* Given data:
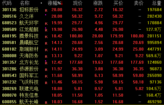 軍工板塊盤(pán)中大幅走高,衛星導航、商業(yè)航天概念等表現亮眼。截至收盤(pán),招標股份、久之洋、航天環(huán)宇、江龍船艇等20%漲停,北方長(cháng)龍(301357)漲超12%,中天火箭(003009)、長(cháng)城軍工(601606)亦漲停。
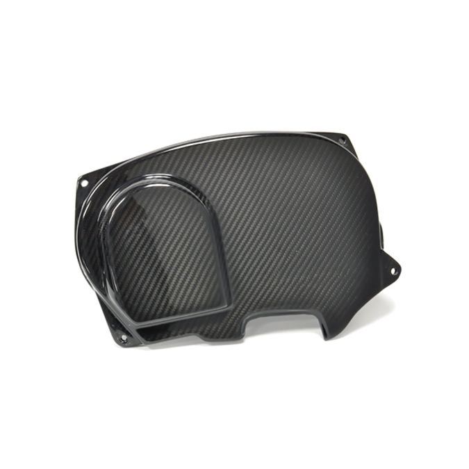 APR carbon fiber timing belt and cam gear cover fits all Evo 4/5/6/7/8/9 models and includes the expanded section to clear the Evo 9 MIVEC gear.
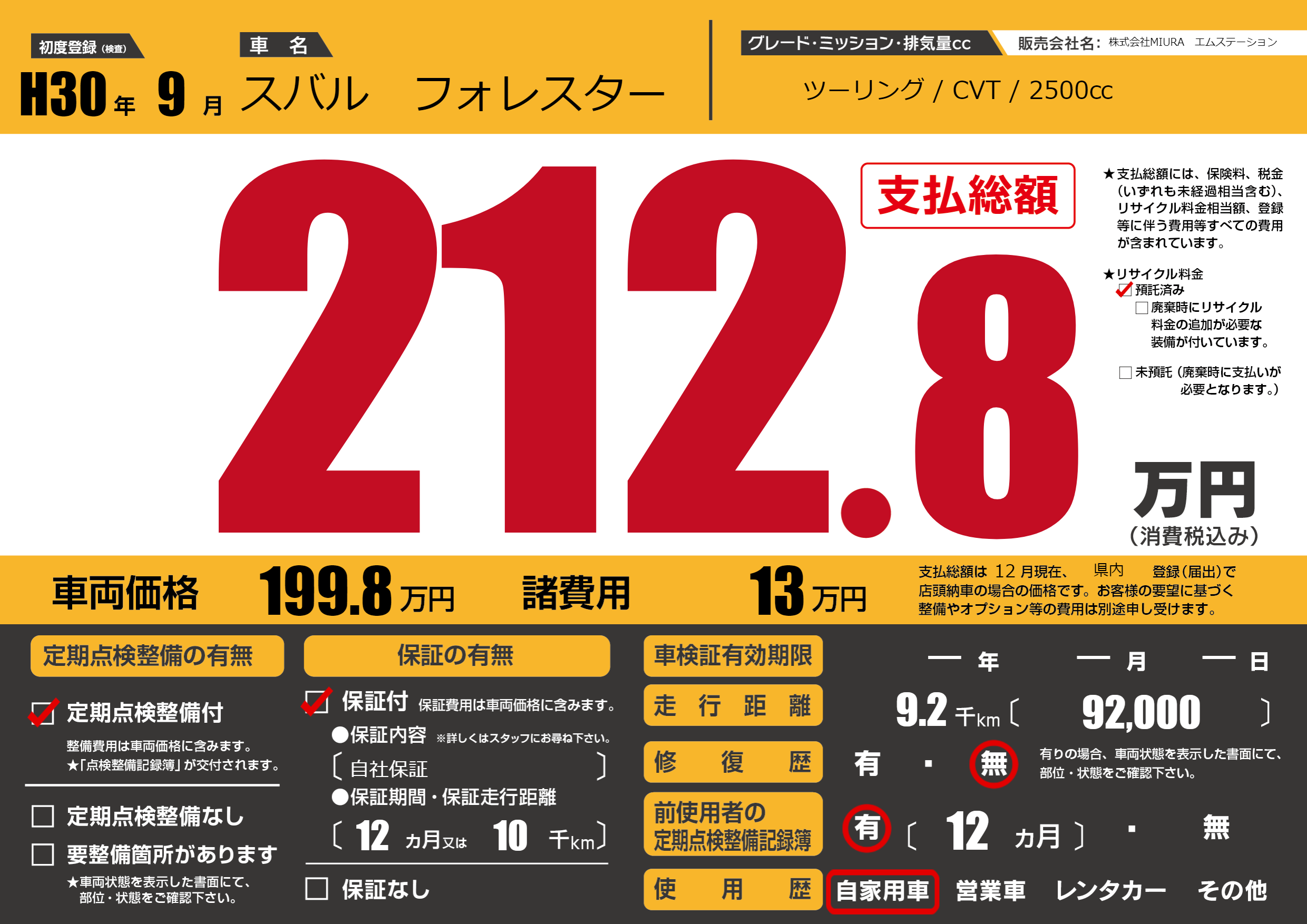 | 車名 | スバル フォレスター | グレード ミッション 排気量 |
...
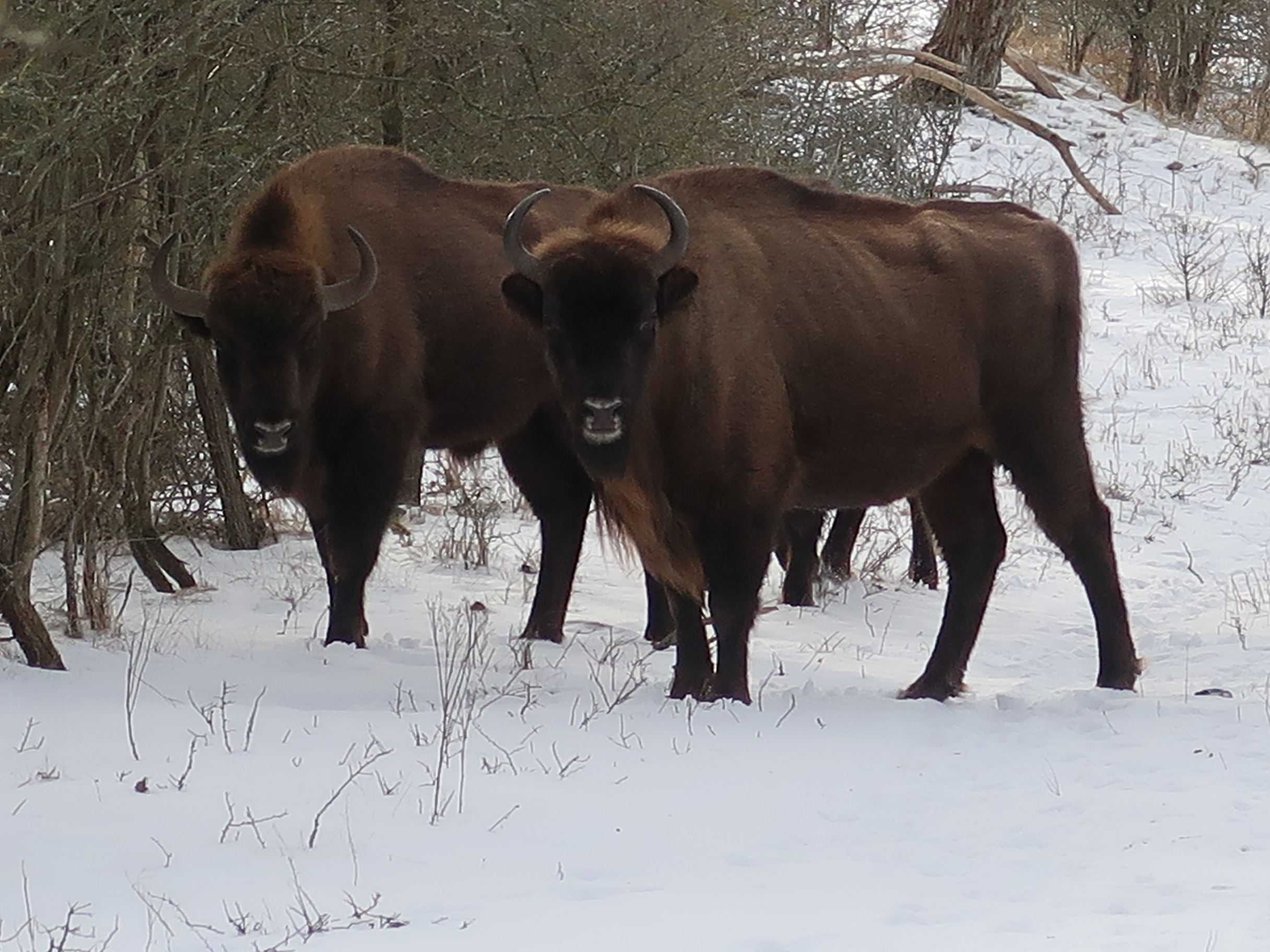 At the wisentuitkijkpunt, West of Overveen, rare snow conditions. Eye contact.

* Task details:
Would you set down only the lines above from the line with "軍工板塊盤(pán)中大幅走" to the line with "ミッション 排気量 |", both included, exactly as they stand and without the pictures?

* Answer for the task:
 軍工板塊盤(pán)中大幅走高,衛星導航、商業(yè)航天概念等表現亮眼。截至收盤(pán),招標股份、久之洋、航天環(huán)宇、江龍船艇等20%漲停,北方長(cháng)龍(301357)漲超12%,中天火箭(003009)、長(cháng)城軍工(601606)亦漲停。
 APR carbon fiber timing belt and cam gear cover fits all Evo 4/5/6/7/8/9 models and includes the expanded section to clear the Evo 9 MIVEC gear.
 | 車名 | スバル フォレスター | グレード ミッション 排気量 |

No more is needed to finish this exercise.